Dans quel cas il faut suivre, à l’égard des mariages, les lois de la religion ; & dans quel cas il faut suivre les lois civiles.


Il est arrivé, dans tous les pays & dans tous les temps, que la religion s’est mêlée des mariages. Dès que de certaines choses ont été regardées comme impures ou illicites, & que cependant elles étoient nécessaires, il a bien fallu y appeler la religion, pour les légitimer dans un cas & les réprouver dans les autres.

D’un autre côté, les mariages étant, de toutes les actions humaines, celle qui intéresse le plus la société, il a bien fallu qu’ils fussent réglés par les lois civiles.

Tout ce qui regarde le caractere du mariage, sa forme, la maniere de le contracter, la fécondité qu’il procure, qui a fait comprendre à tous les peuples qu’il étoit l’objet d’une bénédiction particuliere, qui n’y étant pas toujours attachée, dépendoit de certaines graces supérieures ; tout cela est du ressort de la religion.

Les conséquences de cette union par rapport aux biens, les avantages réciproques, tout ce qui a du rapport à la famille nouvelle, à celle dont elle est sortie, à celle qui doit naître ; tout cela regarde les lois civiles.

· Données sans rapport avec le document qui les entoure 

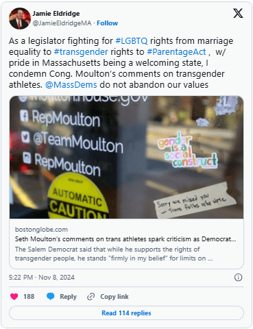 Massachusetts Senator Jamie Eldridge also spoke out against Moulton’s transphobic comments. On November 8, Eldridge took to X to share a link to a Boston Globe article highlighting local Democrats who were condemning Moulton’s remarks.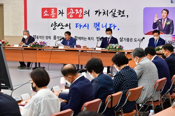 경남 양산시는 18일 오후 시청 대회의실에서 지역 현안사항을 논의하고 국·도비 확보를 위해 국회의원, 도의원, 시의원을 초청해 시정간담회를 열었다.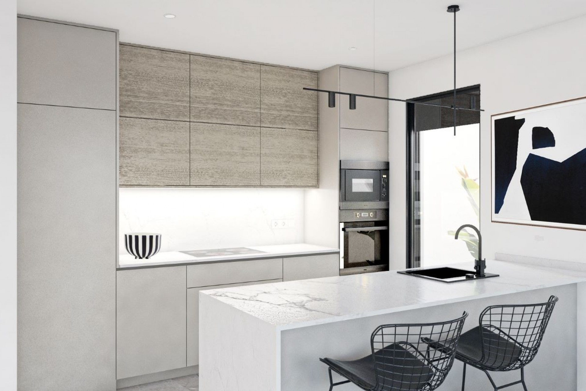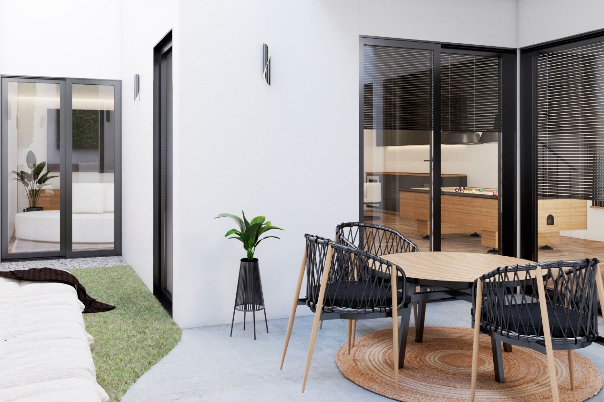 Villas de luxe modernes et lumineuses intégrées au complexe, avec 3 chambres, 4 salles de bains, piscine privée avec jacuzzi, solarium et sous-sol avec patio anglais.

Comme un des grands objets du mariage est d’ôter toutes les incertitudes des conjonctions illégitimes, la religion y imprime son caractere, & les lois civiles y joignent le leur, afin qu’il ait toute l’authenticité possible. Ainsi, outre les conditions que demande la religion pour que le mariage soit valide, les lois civiles en peuvent encore exiger d’autres.

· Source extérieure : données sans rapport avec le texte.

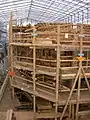 Plans of a sister ship, Concorde, were used. The cost was estimated to be $22 million.[2] The original plans had been modified in several ways for reasons of strength and safety: planks had been bolted rather than pegged to avoid movement during the long period of construction. Similarly, the mast sections were fastened with glue rather than metal hoops to avoid water penetration. The cannons are lightweight and non-functional to save weight. Manilla rope has been used for the majority of the rigging and the sails made of linen canvas.

Ce qui fait que les lois civiles ont ce pouvoir, c’est que ce sont des caracteres ajoutés, & non pas des caracteres contradictoires. La loi de la religion veut de certaines cérémonies, & les lois civiles veulent le consentement des peres ; elles demandent en cela quelque chose de plus, mais elles ne demandent rien qui soit contraire.

Il suit de là que c’est à la loi de la religion à décider si le lien sera indissoluble, ou non : car si les lois de la religion avoient établi le lien indissoluble, & que les civiles eussent réglé qu’il se peut rompre, ce seroient deux choses contradictoires.

Quelquefois les caracteres imprimés au mariage par les lois civiles, ne sont pas d’une absolue nécessité ; tels sont ceux qui sont établis par les lois qui, au lieu de casser le mariage, se sont contentées de punir ceux qui le contractoient.

Chez les Romains, les lois Pappiennes déclarerent injustes les mariages qu’elles prohiboient, & les soumirent seulement à des peines[1] ; & le senatus-consulte rendu sur le discours de l’empereur Marc-Antonin, les déclara nuls ; il n’y eut plus[2] de mariage, de femme, de dot, de mari. La loi civile se détermine selon les circonstances : quelquefois elle est plus attentive à réparer le mal, quelquefois à le prévenir.


  1. Voyez ce que j’ai dit ci-dessus au chap. xxi du livre des lois, dans le rapport qu’elles ont avec le nombre des habitans.
  2. Voyez les loi XVI, ff. de ritu nuptiarum ; & la loi III, §. I, aussi au digeste de donationibus inter virum & uxorem.